N1-methyl-pseudouridine in mRNA enhances translation through eIF2α-dependent and independent mechanisms by increasing ribosome density.

作者信息

Svitkin Yuri V, Cheng Yi Min, Chakraborty Tirtha, Presnyak Vladimir, John Matthias, Sonenberg Nahum

机构信息

Department of Biochemistry, McGill University, Montréal, Québec H3A 1A3, Canada.

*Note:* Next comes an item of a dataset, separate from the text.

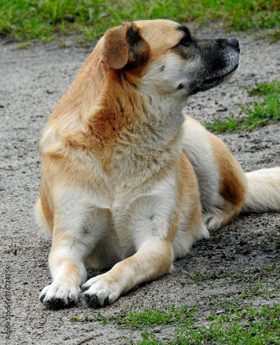a yawning dog resting by the main road in the church lipowiec village in mazovia, poland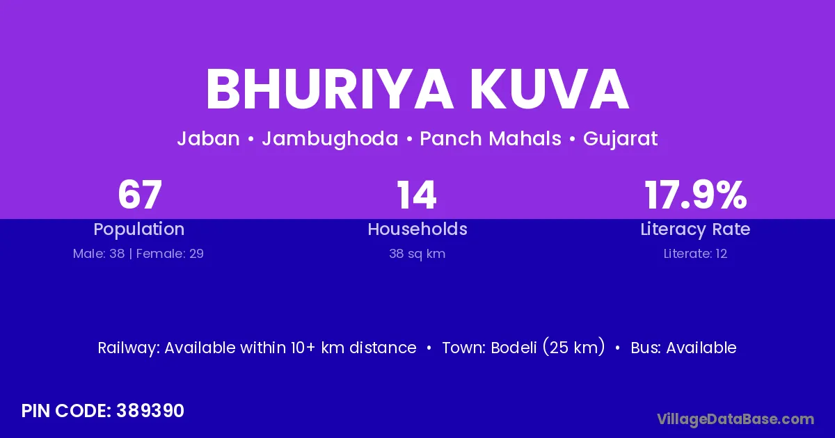 Bhuriya Kuva village has a total population of 67 people, of which 38 are males and 29 are females.

Rosalind and Morris Goodman Cancer Research Centre, Montréal, Québec H3A 1A3, Canada.

出版信息

Nucleic Acids Res. 2017 Jun 2;45(10):6023-6036. doi: 10.1093/nar/gkx135.

Abstract

Certain chemical modifications confer increased stability and low immunogenicity to in vitro transcribed mRNAs, thereby facilitating expression of therapeutically important proteins. Here, we demonstrate that N1-methyl-pseudouridine (N1mΨ) outperforms several other nucleoside modifications and their combinations in terms of translation capacity. Through extensive analysis of various modified transcripts in cell-free translation systems, we deconvolute the different components of the effect on protein expression independent of mRNA stability mechanisms. We show that in addition to turning off the immune/eIF2α phosphorylation-dependent inhibition of translation, the incorporated N1mΨ nucleotides dramatically alter the dynamics of the translation process by increasing ribosome pausing and density on the mRNA. Our results indicate that the increased ribosome loading of modified mRNAs renders them more permissive for initiation by favoring either ribosome recycling on the same mRNA or de novo ribosome recruitment.

摘要

某些化学修饰可提高体外转录mRNA的稳定性并降低其免疫原性,从而促进具有治疗重要性的蛋白质的表达。在此,我们证明,在翻译能力方面,N1-甲基-假尿苷(N1mΨ)优于其他几种核苷修饰及其组合。通过对无细胞翻译系统中各种修饰转录本的广泛分析,我们解析了独立于mRNA稳定性机制对蛋白质表达产生影响的不同组成部分。我们表明,除了消除免疫/eIF2α磷酸化依赖性的翻译抑制外,掺入的N1mΨ核苷酸还通过增加核糖体在mRNA上的暂停和密度,显著改变了翻译过程的动力学。我们的结果表明,修饰mRNA的核糖体负载增加,通过有利于同一mRNA上的核糖体循环或从头招募核糖体,使其对起始更具耐受性。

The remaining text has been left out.